## PROBLEM TO WORK ON:
Apart from pictures, transcribe exactly each line from the one containing "Himalayan Crystal Salt」喜馬拉雅山水晶幼鹽略勝一籌。" through the final line of the listing below.

## COLLECTED DATA:
=== Section Start ===
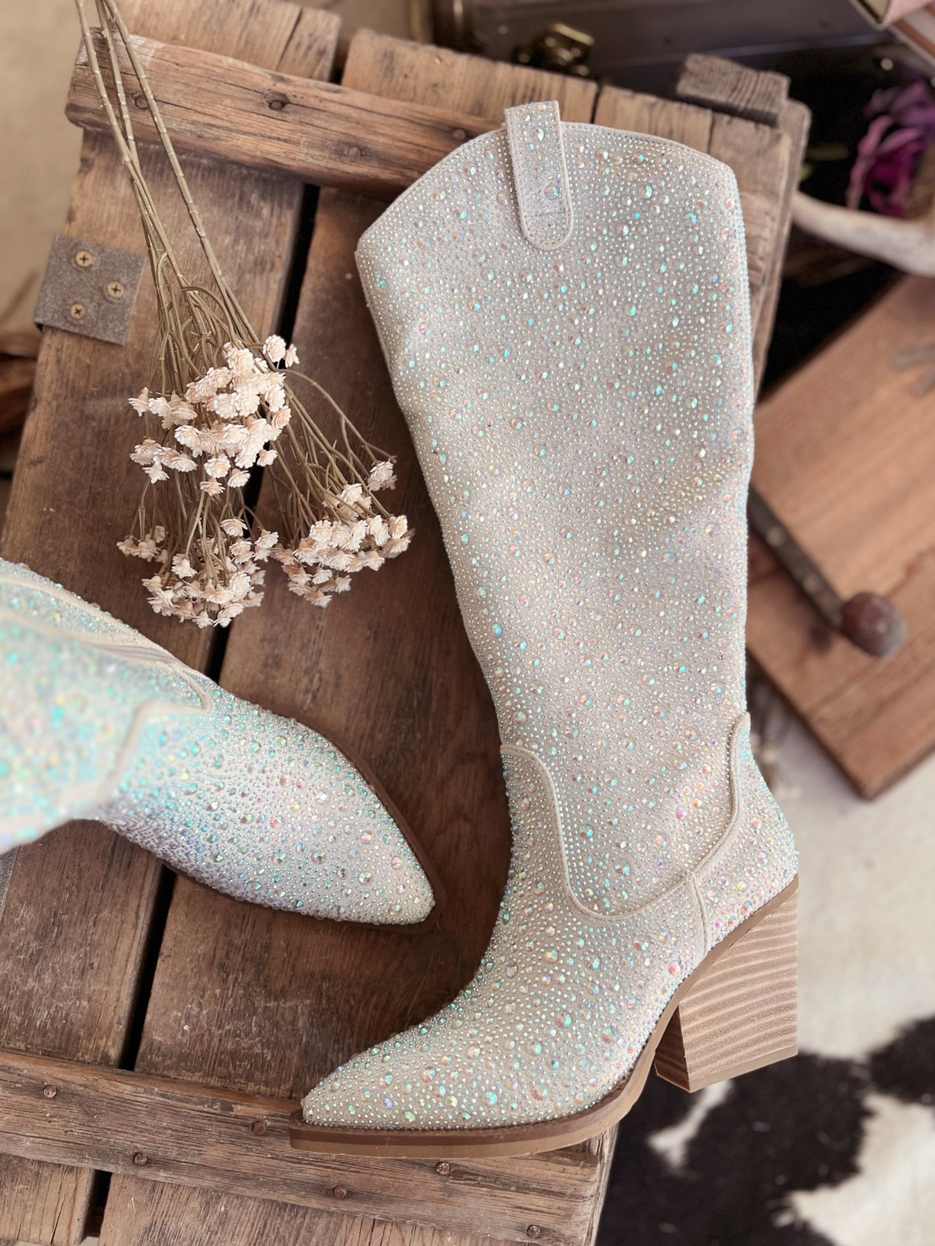Add Glamour to any party with these Tall In a Silver Cadillac Boots with all over iridescent rhinestone detailing. These boots have a Pointed Toe Silhouette,  side  inside ankle zipper closure, 3" wooden block heel, 15" knee length from ankle to top of boot.  18" total inches tall from sole to top of Bootie.
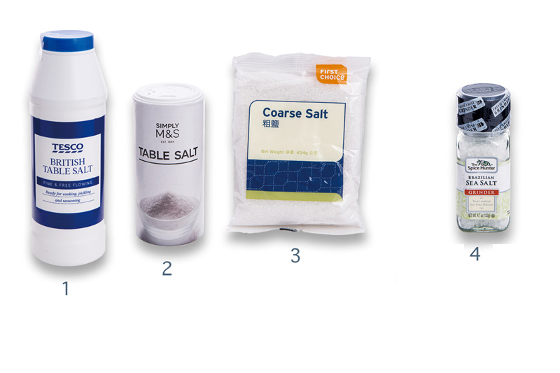 在各食鹽類別中,以海鹽樣本的售價差異最大,價格最低的「第一牌」然粗海鹽($2.6)與最高的「Maldon」有機海鹽($63.5)的樣本相距逾23倍,但總評同獲最高5分。「Tesco」餐桌鹽、「Simply M&S」餐桌鹽、「首選牌」粗鹽這3款價錢在$15或以下的餐桌鹽/烹調用鹽組別,總評同獲5分,在金屬雜質、微塑膠和塑化劑的檢測中表現不俗,比起售價$440兼總評4分的「The Original Himalayan Crystal Salt」喜馬拉雅山水晶幼鹽略勝一籌。
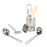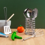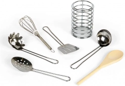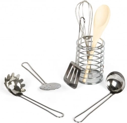 Sada nástrojov je uložená v praktickej valcovej nádobe, čo uľahčuje manipuláciu a skladovanie. Deti môžu šľahať, miešať a servírovať ako praví kuchári, čo rozvíja ich jemnú motoriku a koordináciu ruky-očí. Vyrobené z kvalitných materiálov, náradie je tiež bezpečné a netoxicky farbené.
=== Section End ===
## RESPONSE BOX:
 在各食鹽類別中,以海鹽樣本的售價差異最大,價格最低的「第一牌」然粗海鹽($2.6)與最高的「Maldon」有機海鹽($63.5)的樣本相距逾23倍,但總評同獲最高5分。「Tesco」餐桌鹽、「Simply M&S」餐桌鹽、「首選牌」粗鹽這3款價錢在$15或以下的餐桌鹽/烹調用鹽組別,總評同獲5分,在金屬雜質、微塑膠和塑化劑的檢測中表現不俗,比起售價$440兼總評4分的「The Original Himalayan Crystal Salt」喜馬拉雅山水晶幼鹽略勝一籌。
 Sada nástrojov je uložená v praktickej valcovej nádobe, čo uľahčuje manipuláciu a skladovanie. Deti môžu šľahať, miešať a servírovať ako praví kuchári, čo rozvíja ich jemnú motoriku a koordináciu ruky-očí. Vyrobené z kvalitných materiálov, náradie je tiež bezpečné a netoxicky farbené.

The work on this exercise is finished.